Figure 2: Architectural design of a Data Mesh implementation with Delta Lake & the Lakehouse architecture
Implementing Data Mesh qualities with Delta Lake
We implemented a proof of concept where we explored some of Delta Lake and Lakehouse architecture’s key features to demonstrate how they can be utilized for a Data Mesh on a practical level. The use case is centered around a company with multiple cross-functional domains/departments that work with the same data that currently exists in a cloud based general purpose data lake. Key architectural components as illustrated in figure 2 are:
- An existing Data Lake - an existing repository of raw data from diverse sources in different formats. This is similar to what most clients’ existing data landscape looks like- no defined governance on data
- Domain teams - Ownership of the data is decentralized back to the respective domains that process and standardize it into data products
- Metadata and governance layer - Standardization of the data products in each domain team is supported by Delta Lake and the Lakehouse architecture where data products are developed under certain guidelines within three groups:
a. Bronze - Raw data that might be in multiple formats and structures
b. Silver - filtered & cleaned data
c. Gold - aggregated data that is ready for business use cases.
Within this layer, Delta Lake features of schema enforcements, data versioning and performance optimization are implemented. Additional governance guidelines can also be enforced
- Data Catalog - These data products are then made available and discoverable in Azure Data Catalog where users can access them in a self-service manner.

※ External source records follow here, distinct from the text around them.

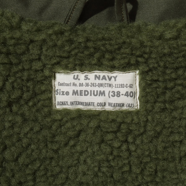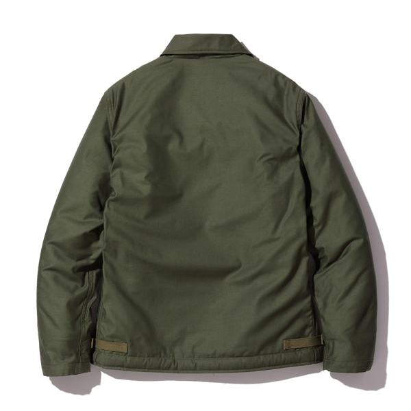 米海軍の甲板作業用ジャケットN-1の後継モデルとしてこのA-2デッキジャケットが採用された。前モデルのN-1と比較するとその色味や使用素材に変化が見られ、表地はコットングログランからバックサテン地に、裏地はアルパカウールからナイロンボアへと変更されており、生産性とコスト面を見直した結果であった。仕様については、釦とジッパーで開閉するフロントの比翼仕立てと袖口に内蔵されたリブなど基本的なディテールはN-1を継承しているが、襟の変更と胸ポケット、裾のアジャスターが追加されている。シンプルな外観と必要最低限の機能性を兼ね備えたこのデッキA-2は、米海軍らしいユーティリティージャケットである。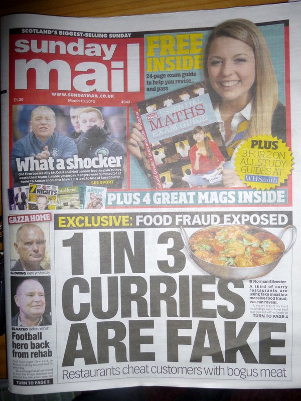 The Sunday Mail had the headline that of the Curry served in Scotland, 1 in 3 are (sic) fake. They quoted a secret report done by food watchdogs who had found 46 instances of Beef impersonating the twice as expensive Lamb in 129 restaurants tested. OK, that may well work out around the one in three mark, but come on… we Chaps know that the Ladies tend towards Chicken, and then there are those who miss out on Meat altogether. One in three is fake? – No chance!
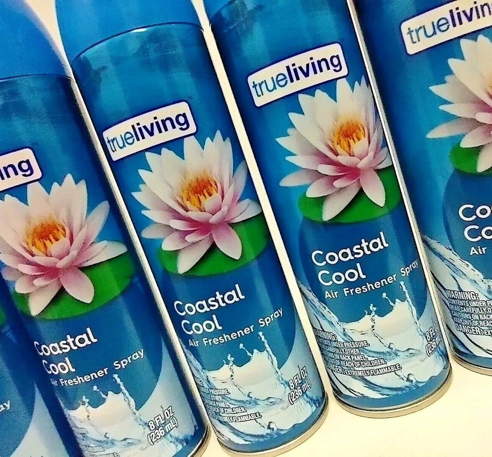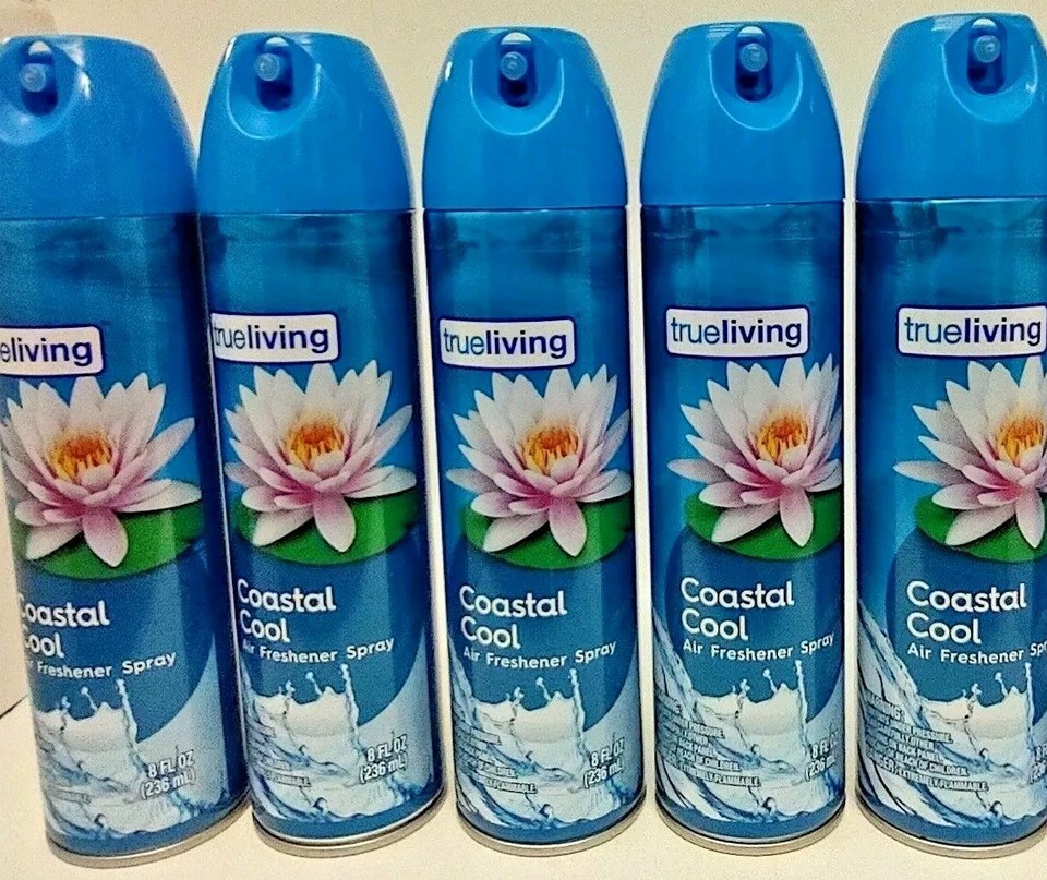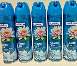 ( LOT of 5 ) TRUELIVING Scented Air Freshener Spray COASTAL COOL Eliminates Odors
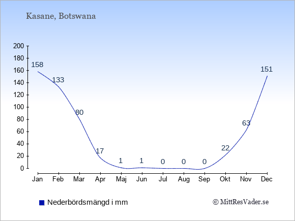 För att se hur vädret i Kasane skiljer sig från vädret hemma, kan du också jämföra siffrorna måned för måned med motsvarande siffror för Sverige under samma period här: Kasanes klimat.

The data catalog also showcases the data expert associated, schema, data sample and direct URL to use the data
We are continuously supporting our clients in various industries in conceptualizing and adopting various aspects of Data Mesh to strengthen and future-proof their existing data landscapes. Data management is an ever evolving field and staying ahead of the curve is crucial for an operational and innovative advantage
This proof of concept implements a couple concepts of Data Mesh with a focus on scalability, data quality and governance, decentralized data responsibility and trustworthy data products. It also builds on top of the evolving data landscape that is moving away from the centralized solutions- data warehouses and data lakes to more agile decentralized architectural concepts like Data Mesh. The organizational change aspects of Data Mesh are not highlighted here but are very crucial in success of such a paradigm shift. We are also exploring other technologies that satisfy Data Mesh qualities e.g. Snowflake, AWS, Azure and many more.